Nachdichtung von Erich Arendt, Klaus Laabs und Fritz Rudolf Fries.
Mit einer Grafik von Núria Quevedo.
Wilhelmshorst: Märkischer Verlag, 2012. Poesiealbum 53. 31 S., geh, 4,00 €.
978-3-931-329-53-2


Neruda verwandelt alles, was ihn umgibt, alles, was ihm widerfährt, in Gedichte zu Dingen und Ereignissen sowie deren gegenseitige Verflechtungen. Gebilde von großartiger Schönheit, aus Sinnlichkeit und Vernunft, eröffnen den Blick auf die Grundrisse des Lebens. Dieses Leben mit seinen erfüllten oder verlorenen Träumen, seinen Hoffnungen, aber auch seiner Härte und seinen Kämpfen, ist die literarische Version des gestrigen, des heutigen und des morgigen Tages. (Verlagsinformation)
Aus dem Poesiealbum 53, 1972 und in zweiter, ergänzter Auflage 1973 erschienenen Heft des Verlags Neues Leben, wurden zwei Übertragungen von Erich Arendt übernommen – alle übrigen Titel sind für diese Auflage aus verschiedenen Quellen neu ausgewählt und zusammengestellt von Fritz Rudolf Fries. Bei zwei Gedichten handelt es sich um Erstübertragungen von Klaus Laabs. 

Der Autor:

Neruda Santiago 2011Pablo Neruda (eigentlich Ricardo Eliezer Neftalí Reyes y Basualto) wurde am 12.7.1904 in Parral, in Chile geboren.

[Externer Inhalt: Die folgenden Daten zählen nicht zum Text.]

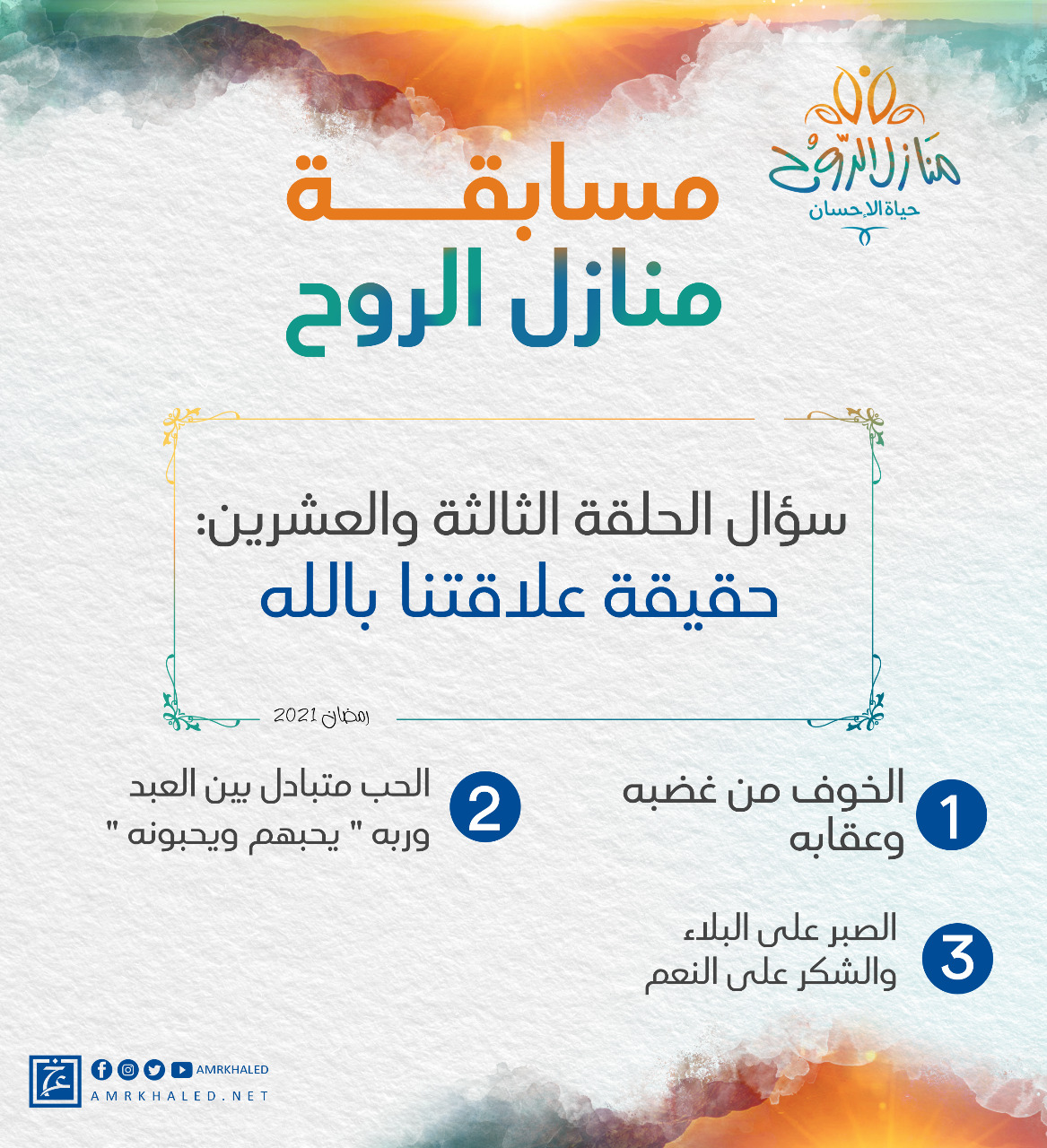مسابقة برنامج "منازل الروح" للداعية الإسلامي الدكتور عمرو خالد رمضان 2021متواصلة على مدار الشهر الكريم، ومكونة من 30 سؤالاً (كل يوم سؤال)، ومفتوحة لكل الأعمار والفئات.

Er schrieb seit seinem 14. Lebensjahr Gedichte und gewann mit 16 Jahren bei einem Dichterwettbewerb den ersten Preis. Neruda studierte Französisch, wurde mit 24 Konsul, ein Amt, das er bis 1936 in verschiedenen Ländern ausübte. Er half der spanischen Republik im Bürgerkrieg und organisierte die Auswanderung spanischer Flüchtlinge nach Chile. von 1948 bis 1952 war er im Exil. 1971 erhielt er den Literatur-Nobelpreis.

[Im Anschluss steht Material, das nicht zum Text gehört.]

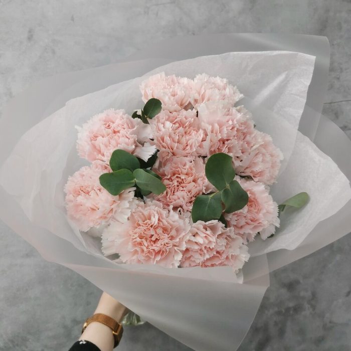 Гвоздика – 11 шт.Эвкалипт – 3 шт.Упаковка дизайнерская – 2 шт.
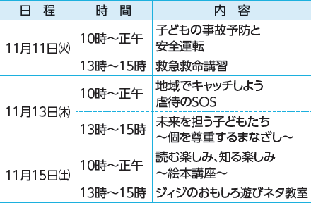 申込み・問合せ:11月4日(火)からファミリーサポートセンター
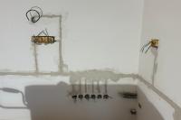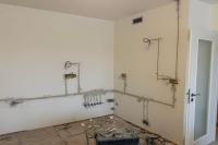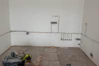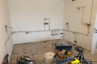 Podomítková elektroinstalace pro novou kuchyň a nadomítková instalace vody a odpadu.
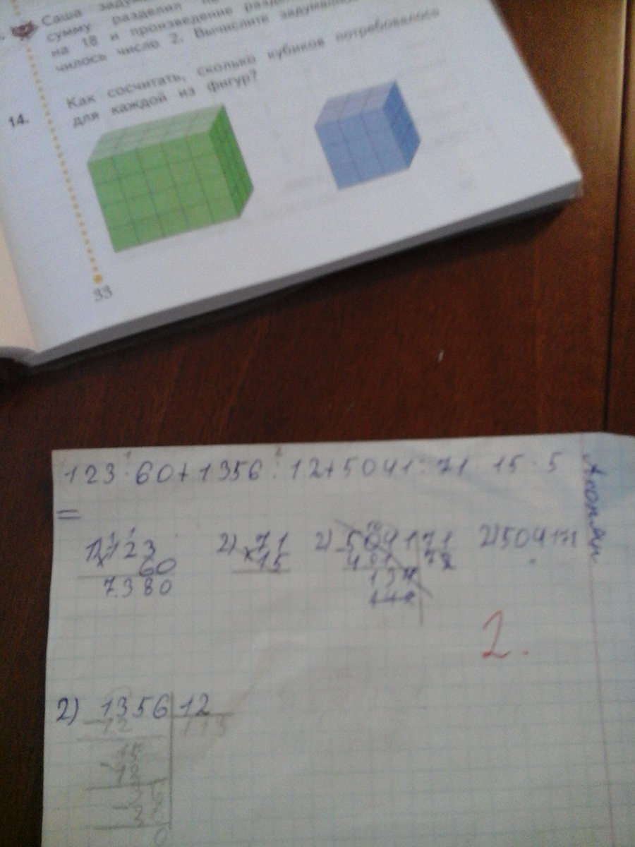 123*60=ноль на три ноль шесть на три 18 восемь пишем один в уме два на шесть 12плюс ещё один 13три пишем один в уме один на шесть шесть плюс один 7 ответ 7380
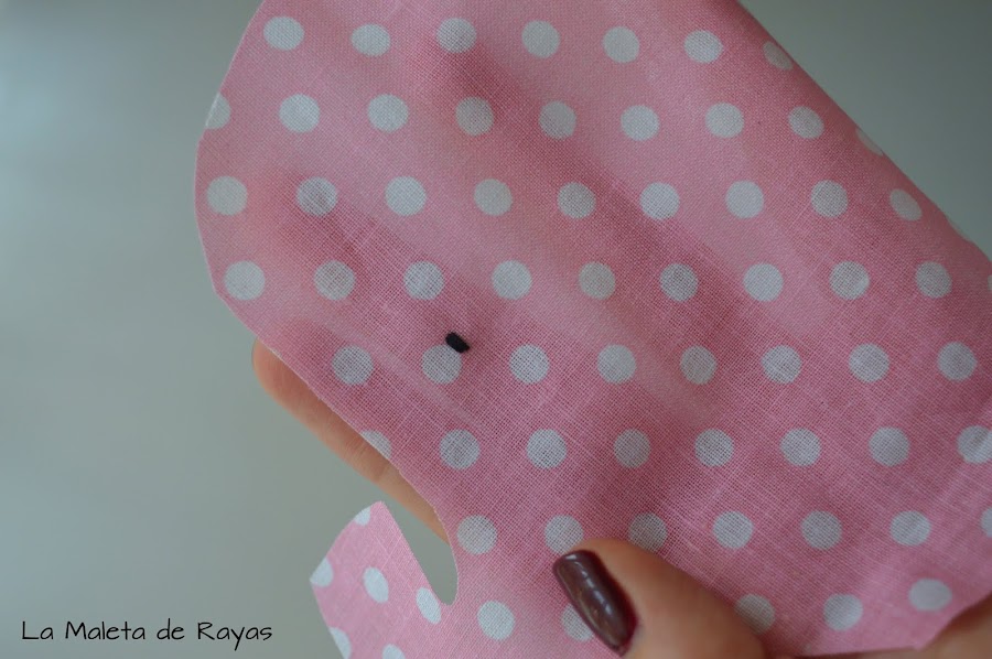 Marcamos el ojo del elefante en las dos piezas que forman el cuerpo y con hilo negro lo cosemos, dando tres o cuatro puntadas.
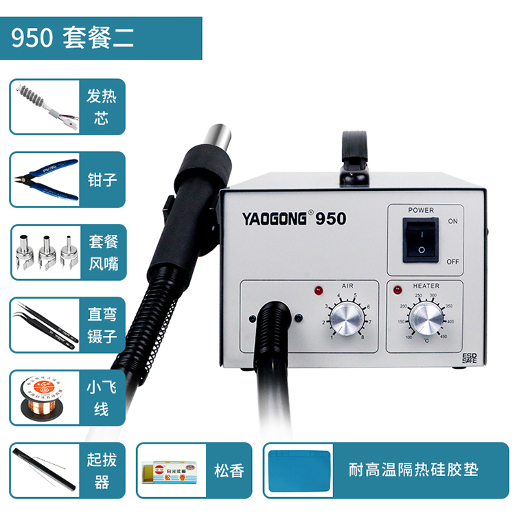 Yao worker 950 welding bench hot wind gun disassembly and welding automatic dormancy intelligent thermoregulation soldering iron High power digital display bracket

Seine Werke zeichnen sich durch eine schier unerschöpfliche Phantasie, eine gewaltige Sprachkraft und Sinnlichkeit aus. In Chile ist er im Volk lebendig wie keiner, Analphabeten rezitieren seine langen Oden.
Pablo Neruda starb am 24.9.1973 in Santiago, zwei Wochen nach dem blutigen Putsch der Militärs.